[Dataset items]
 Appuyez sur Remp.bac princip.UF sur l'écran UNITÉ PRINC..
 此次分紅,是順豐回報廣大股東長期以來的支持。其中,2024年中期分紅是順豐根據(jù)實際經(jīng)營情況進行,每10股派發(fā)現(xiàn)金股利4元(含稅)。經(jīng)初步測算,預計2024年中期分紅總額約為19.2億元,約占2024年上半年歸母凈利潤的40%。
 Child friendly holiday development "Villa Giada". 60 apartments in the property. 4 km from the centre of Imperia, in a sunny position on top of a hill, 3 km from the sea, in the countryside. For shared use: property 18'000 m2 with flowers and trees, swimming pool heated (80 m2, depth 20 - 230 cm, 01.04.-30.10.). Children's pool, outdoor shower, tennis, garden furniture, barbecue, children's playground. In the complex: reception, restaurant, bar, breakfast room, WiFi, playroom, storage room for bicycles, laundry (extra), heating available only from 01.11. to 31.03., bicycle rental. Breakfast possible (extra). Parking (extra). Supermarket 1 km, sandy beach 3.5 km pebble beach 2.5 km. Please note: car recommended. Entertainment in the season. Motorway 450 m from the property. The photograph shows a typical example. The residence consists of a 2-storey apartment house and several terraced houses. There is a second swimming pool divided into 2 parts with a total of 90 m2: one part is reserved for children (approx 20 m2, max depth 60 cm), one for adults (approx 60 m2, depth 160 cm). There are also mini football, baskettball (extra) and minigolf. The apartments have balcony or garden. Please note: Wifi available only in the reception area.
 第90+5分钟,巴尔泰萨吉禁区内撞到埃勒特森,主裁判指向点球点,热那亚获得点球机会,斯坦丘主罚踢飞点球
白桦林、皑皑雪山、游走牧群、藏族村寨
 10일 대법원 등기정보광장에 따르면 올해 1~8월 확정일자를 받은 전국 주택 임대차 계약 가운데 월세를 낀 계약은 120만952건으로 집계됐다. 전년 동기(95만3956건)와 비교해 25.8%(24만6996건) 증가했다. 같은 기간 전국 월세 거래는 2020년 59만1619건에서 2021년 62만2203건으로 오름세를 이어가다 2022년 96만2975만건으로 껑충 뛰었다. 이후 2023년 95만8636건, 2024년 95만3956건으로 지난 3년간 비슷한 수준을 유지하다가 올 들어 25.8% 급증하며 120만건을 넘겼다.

• Your task: Please repeat the data in full so that nothing differs from the original.

• Response area:
 Appuyez sur Remp.bac princip.UF sur l'écran UNITÉ PRINC..
 此次分紅,是順豐回報廣大股東長期以來的支持。其中,2024年中期分紅是順豐根據(jù)實際經(jīng)營情況進行,每10股派發(fā)現(xiàn)金股利4元(含稅)。經(jīng)初步測算,預計2024年中期分紅總額約為19.2億元,約占2024年上半年歸母凈利潤的40%。
 Child friendly holiday development "Villa Giada". 60 apartments in the property. 4 km from the centre of Imperia, in a sunny position on top of a hill, 3 km from the sea, in the countryside. For shared use: property 18'000 m2 with flowers and trees, swimming pool heated (80 m2, depth 20 - 230 cm, 01.04.-30.10.). Children's pool, outdoor shower, tennis, garden furniture, barbecue, children's playground. In the complex: reception, restaurant, bar, breakfast room, WiFi, playroom, storage room for bicycles, laundry (extra), heating available only from 01.11. to 31.03., bicycle rental. Breakfast possible (extra). Parking (extra). Supermarket 1 km, sandy beach 3.5 km pebble beach 2.5 km. Please note: car recommended. Entertainment in the season. Motorway 450 m from the property. The photograph shows a typical example. The residence consists of a 2-storey apartment house and several terraced houses. There is a second swimming pool divided into 2 parts with a total of 90 m2: one part is reserved for children (approx 20 m2, max depth 60 cm), one for adults (approx 60 m2, depth 160 cm). There are also mini football, baskettball (extra) and minigolf. The apartments have balcony or garden. Please note: Wifi available only in the reception area.
 第90+5分钟,巴尔泰萨吉禁区内撞到埃勒特森,主裁判指向点球点,热那亚获得点球机会,斯坦丘主罚踢飞点球
白桦林、皑皑雪山、游走牧群、藏族村寨
 10일 대법원 등기정보광장에 따르면 올해 1~8월 확정일자를 받은 전국 주택 임대차 계약 가운데 월세를 낀 계약은 120만952건으로 집계됐다. 전년 동기(95만3956건)와 비교해 25.8%(24만6996건) 증가했다. 같은 기간 전국 월세 거래는 2020년 59만1619건에서 2021년 62만2203건으로 오름세를 이어가다 2022년 96만2975만건으로 껑충 뛰었다. 이후 2023년 95만8636건, 2024년 95만3956건으로 지난 3년간 비슷한 수준을 유지하다가 올 들어 25.8% 급증하며 120만건을 넘겼다.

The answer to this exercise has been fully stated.